Brackets!!
f = @(x) 2.^x - x.^2 - 2; % Function whose roots are desired
xL = 4; xU = 5; % Initial guesses
Tol = 1e-6; % Tolerance (0.000001)
c = 0; % Counter for the no. of iterations
while abs( xU-xL ) > Tol
c = c + 1;
xm = xU-f(xU)* (xU-xL)/(f(xU)- f(xL)); %%%%%%%%%%%%%%%%%%%%%%%%%%%%%%% Put brackets round f(xU)-f(xL)

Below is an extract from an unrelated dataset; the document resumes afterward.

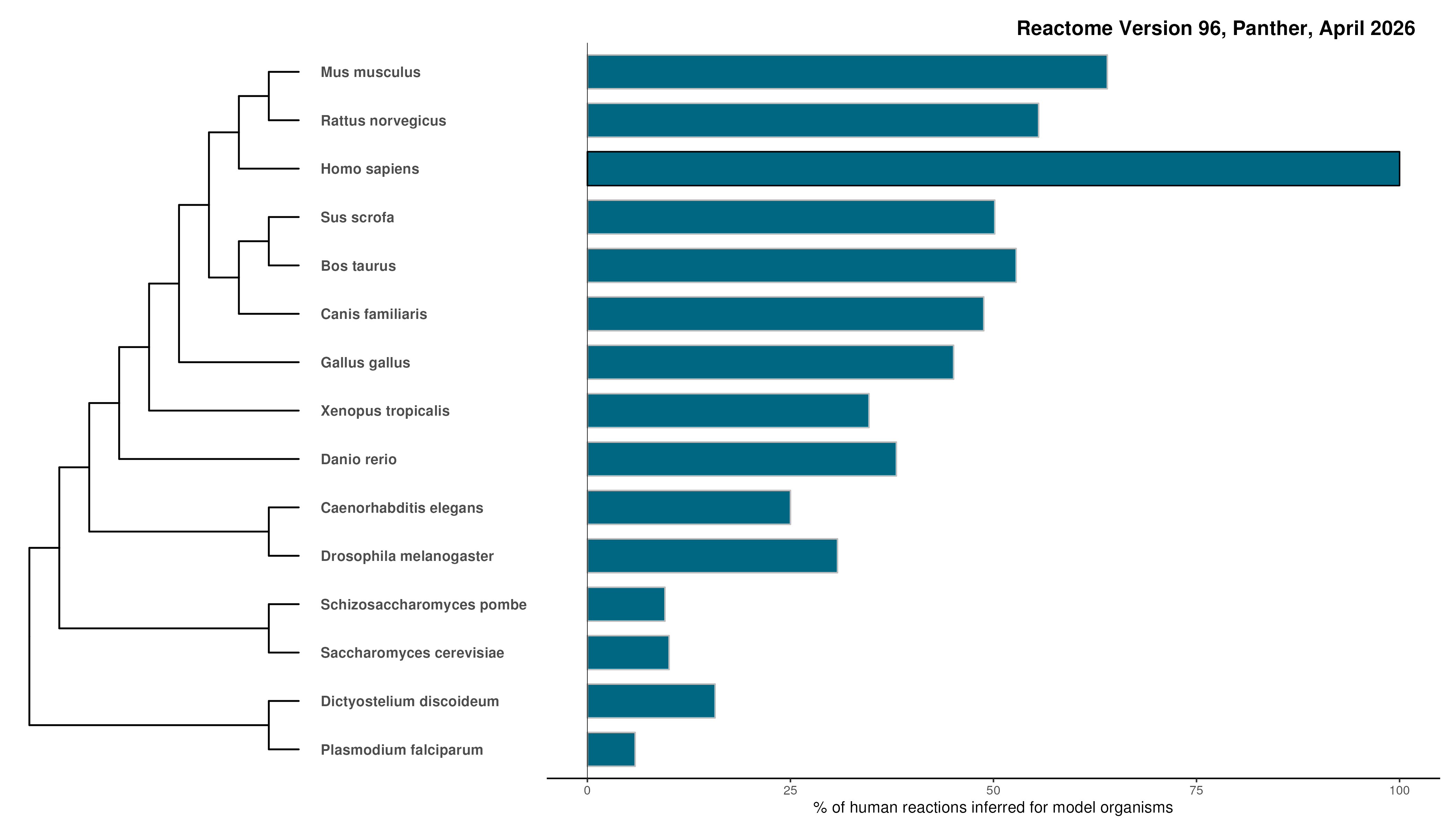 - All human reactions in the Reactome knowledgebase involving one or more proteins are eligible for electronic inference, with two exceptions. Reactions that were themselves inferred based on data from the model organism, and reactions involving species in addition to human (e.g., HIV infection of human cells) are excluded from electronic inference. Eligible reactions are checked to determine whether each involved protein has at least one homologous protein (HP) in the reaction's input, output and (if present) catalyst in the organism undergoing inference. If a human reaction involves a complex, at least 75% of the accessioned protein components of the human complex must have HPs in the model organism.

fm = f(xm); % Evaluate the function at x = xm
% % Print the intermediate results
fprintf('Iteration: %d\t',c);
fprintf ('[xL,xU,xm ] = [%.6f, %.6f, %.6f]\n', xL,xU,xm);
if f(xL ) *fm < 0 % If the root is on the left,
xU = xm ; % then set xm as the new xU.
elseif fm * f( xU ) < 0 % But if the root is on the
xL = xm ; % then set xm as the new xL.
else
break; % Stop! xm is exactly the root
end
end
plot(xm,f(xm),'r*', 'Markersize', 10); % plot the xm points
fprintf ('The root is: %.6f \n', xm);